Learn how we measure a country's openness to the world using our Friction Score, based on the real-world barriers travelers face at their borders.

Measuring Global Travel Friction

While a passport index measures how easily you can travel the world, the Ease Index measures the reverse: how easy it is for the world to travel to a specific destination.

We look at every destination and analyze its entry policies against all global passports. The more passports that require a full embassy visa to visit, the "harder" or more restrictive that destination is deemed to be.

The Hardness Score

Each destination is given a Friction Score (0–100) for how difficult it is for the average global citizen to cross its borders. A higher score means it is harder to enter. We start from the same access impact points as the Passport Index (15 = best, 0 = baseline), then map each tier to friction with 100 × (15 − impact) / 15 so the scale stays anchored at fully open (0) vs embassy visa (100).

  • Freedom of Movement (0% friction): The “Citizen Experience.” Live, work, and stay without a clock ticking.
  • Visa-Free (20% friction): The Gold Standard for tourists. Walk through the border with a nod.
  • ETA (33% friction): Negligible friction. Usually a one-time, 10-minute form valid for years.
  • Visa on Arrival (VoA) (40% friction): Spontaneity King. No pre-travel admin required; just show up and pay.
  • e-Visa (67% friction): Digital, but still “homework.” Requires portals, uploads, and waiting.
  • Visa-Free Transit (93% friction): The “Airport Couch.” You aren’t staying, but you aren’t stuck in a lounge.
  • Visa Required (100% friction): Full friction. Interviews, physical mail, and embassy visits.
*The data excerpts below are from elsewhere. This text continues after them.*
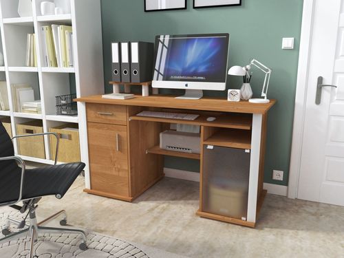 Biurko SPECTRUM to mebel stworzony z myślą o tym, aby praca przy nim była jak najbardziej komfortowa. Wyposażone w pojemne i zamykane szafki oraz szufladę. Ponadto posiada dodatkową półkę na osprzęt komputerowy np. drukarkę. Dzięki swoim wymiarom, poza komputerem, biurko zapewnia dodatkowo mnóstwo przestrzeni na dokumenty bądź inne przedmioty wedle Państwa preferencji.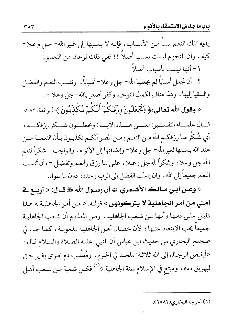 ـــــــــــــــــــــــــــــQيديه تلك النعم سببا من الأسباب، فإنه لا ينسبها إلى غير الله- جل وعلا- كيف وأن النجوم ليست بسبب أصلا. ففي ذلك نوعان من التعدي: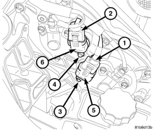 2. Install the intake camshaft position sensor (5) so that it is fully seated on the mounting surface.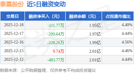 证券之星消息,12月18日,泰嘉股份(002843)融资买入480.05万元,融资偿还591.82万元,融资净卖出111.77万元,融资余额1.95亿元。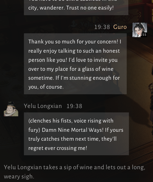 > А англюсик лучше здесь хотя бы потому, что фидбее о качестве локализации есть и они будут править если что не так. Хуйня ваше говно, в англюсике полностью теряется весь шарм китайщины, у них же не просто название какого-то говна, у них не крыса подзаборная, а "Полуночный грызун", не жаба ебаная, а "Жаба Лунного света" и т.д. названия простых, для нас, вещей у них в целые ахуительно красивые фразы, если прям переводить дословно и я люто с этой хуйни кайфую, потому что красиво и смешно.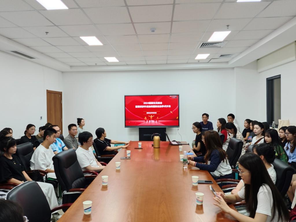 2024年9月6日晚,国际法研究所于图书馆1318会议室举行了“2024级新生见面会暨漫谈涉外法治与国际法治”学术沙龙,韩天竹、单娟、王艺、李猛以及牟青老师出席见面会并参与沙龙活动。2024级全体研究生以及其他年级研究生共计50余名,通过线上线下结合的方式参加了本次活动。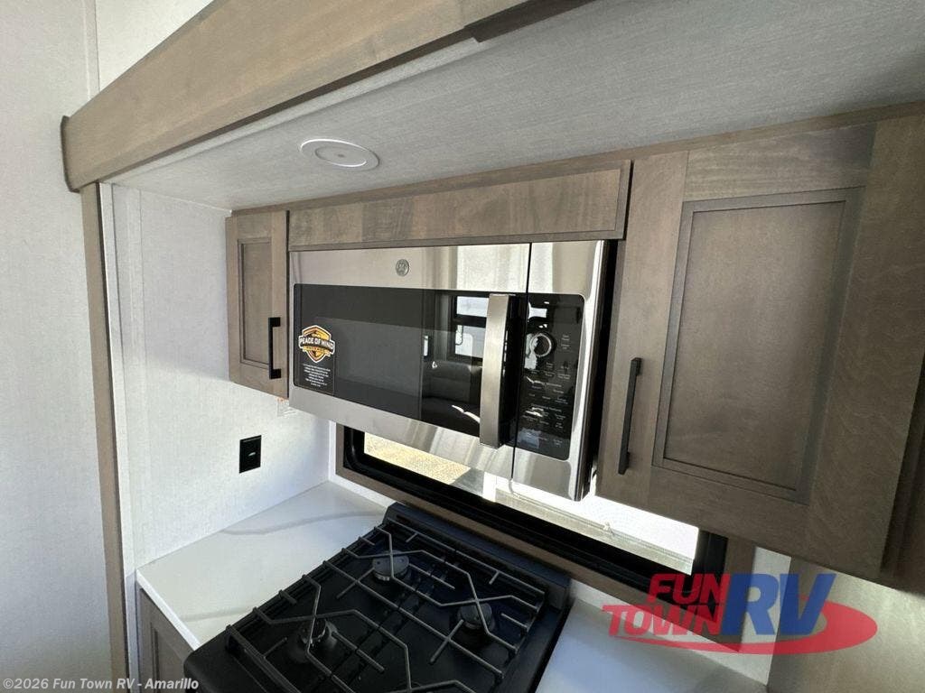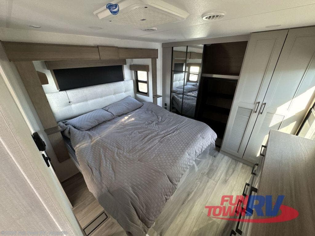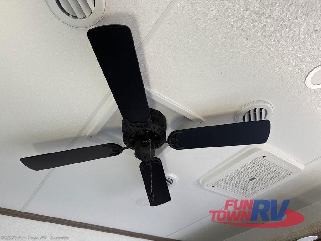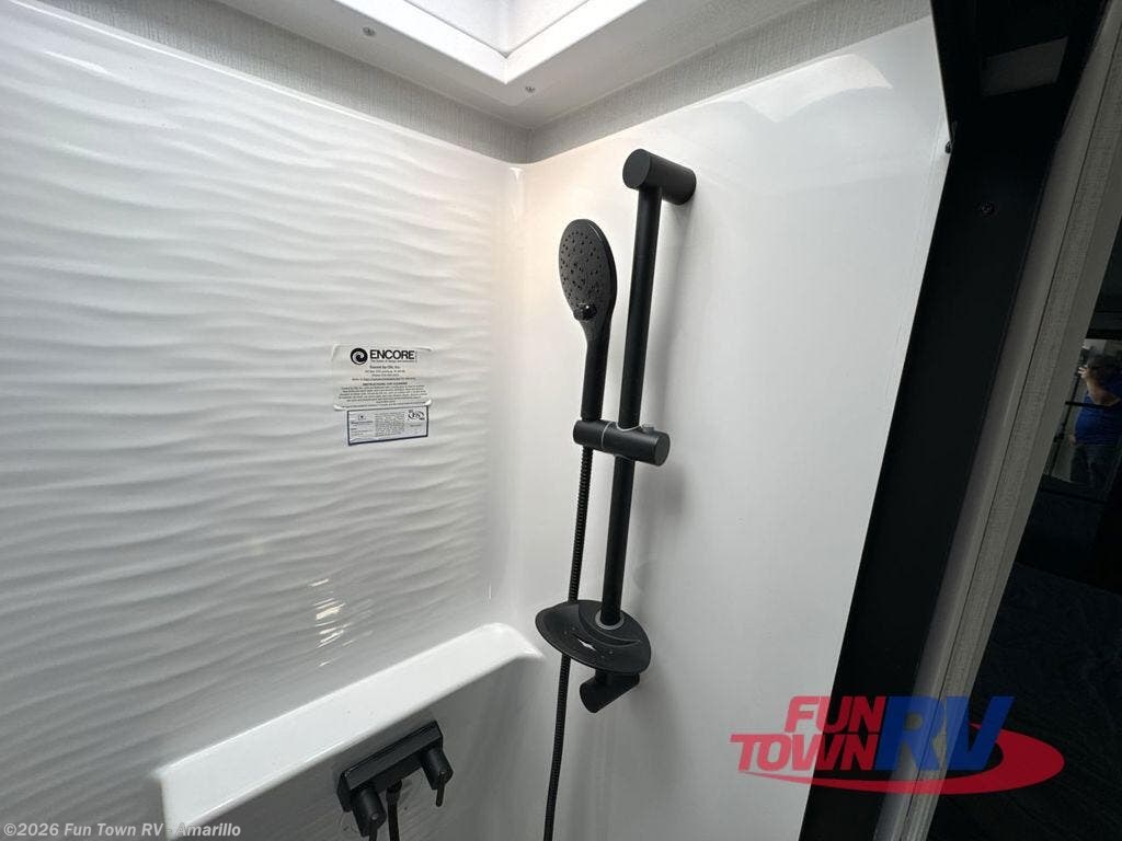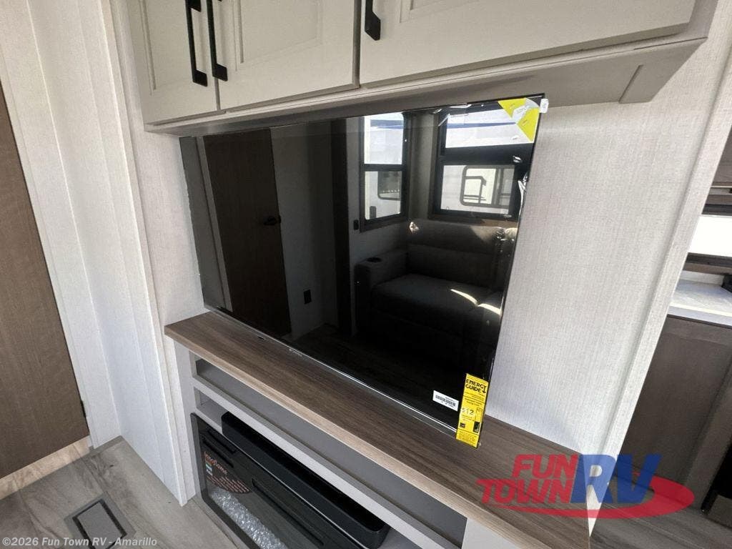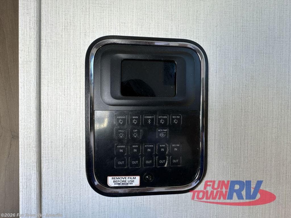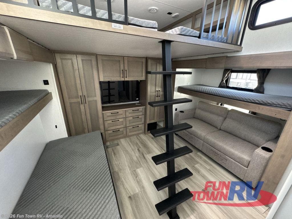 All of your friends and family can camp together in this fifth wheel! It features a rear private bunkhouse with a bunk above a hide-a-bed sofa, a full bathroom with a 30" x 36" shower, and an entertainment center with wardrobes on either side. There is also a folding bunk and a bunk over the outside kitchen. Across from the hide-a-bed sofa is an entertainment center with a 40" fireplace and a 43" smart TV to watch your favorite movies at night. The kitchen island will allow you to cook with ease and you can prepare your best meals with the four burner range with a 24" oven. The second bathroom has a residential shower with a seat and a linen closet to keep your towel close. Enjoy a good night's rest on the king bed slide in the front private bedroom which also has a dresser and a front wardrobe with washer and dryer prep!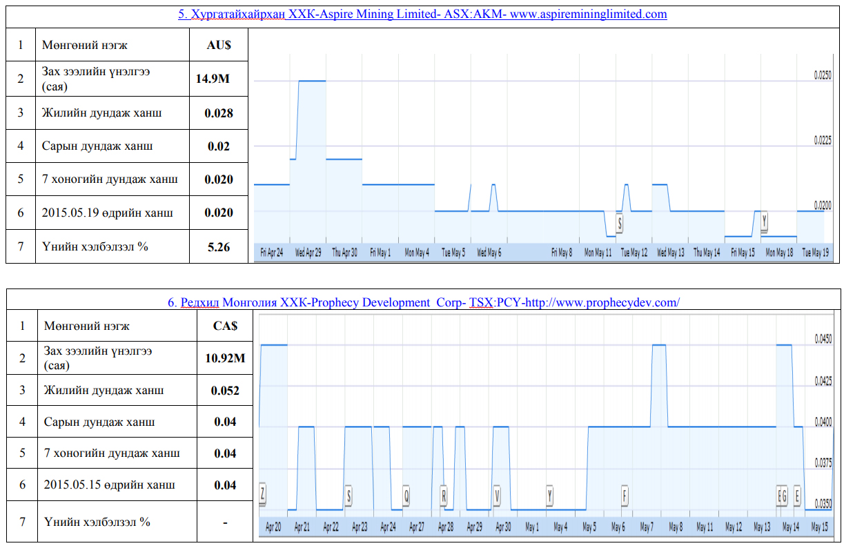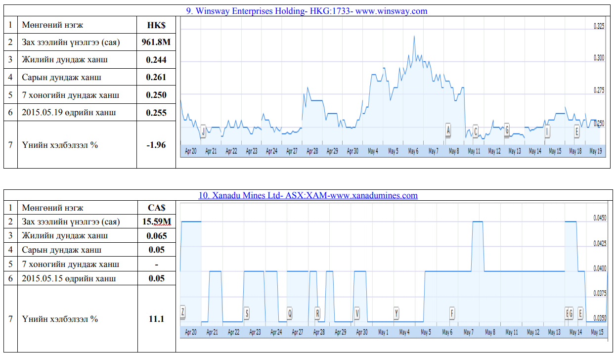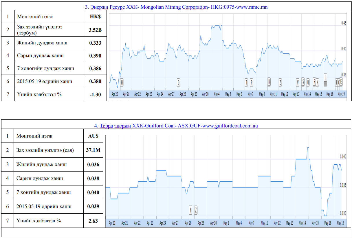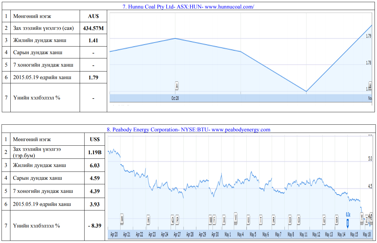 Олон улсын хөрөнгийн бирж дээр хувьцаа нь арилжаалагддаг монгол улсад нүүрсний чиглэлээр үйл ажиллагаа явуулж байгаа компануудын үнэт цаасны товч мэдээлэл

How the Ranking is Calculated

The Ease Index table defaults to easiest first (most welcoming at the top, lowest friction). Choose strictest first to flip the list so the hardest borders lead. The same ease rank and ordering logic is used on the homepage host cards.

Rather than just sorting by the raw Friction Score (which acts more as a display gauge), our tiebreaker and sorting logic is deeply granular. We compare destinations tier by tier along the entry tiers. A destination that forces more passports into e-Visa than another does into visa on arrival will sit stricter on the list when you use strictest-first sorting, matching the impact scale (VoA sits above e-Visa).

Example 1: Japan vs. South Korea

Let's see how welcoming these two East Asian neighbors are to the rest of the world.

Inbound Rule Friction Weight Japan Allows South Korea Allows
Freedom of Movement 0% friction 0 passports 0 passports
Visa-Free 20% friction 68 passports 22 passports
ETA 33% friction 0 passports 36 passports
Visa on Arrival 40% friction 0 passports 0 passports
e-Visa 67% friction 0 passports 0 passports
Visa-Free Transit 93% friction 0 passports 0 passports
Visa Required 100% friction 135 passports 145 passports
Final Friction Score 73 / 100 79 / 100

The Verdict: A lower friction score means a more welcoming border. Japan scores 73 and South Korea scores 79, meaning Japan is comparatively easier for the average global citizen to visit.

Example 2: Qatar vs. Malaysia

How do these two international transit hubs compare on entry friction?

Inbound Rule Friction Weight Qatar Allows Malaysia Allows
Freedom of Movement 0% friction 5 passports 0 passports
Visa-Free 20% friction 49 passports 33 passports
ETA 33% friction 0 passports 0 passports
Visa on Arrival 40% friction 0 passports 0 passports
e-Visa 67% friction 0 passports 170 passports
Visa-Free Transit 93% friction 0 passports 0 passports
Visa Required 100% friction 149 passports 0 passports
Final Friction Score 78 / 100 59 / 100

The Verdict: Qatar requires a strict embassy visa for 149 passports, while Malaysia requires it for 0. Malaysia is the more open destination for international travelers.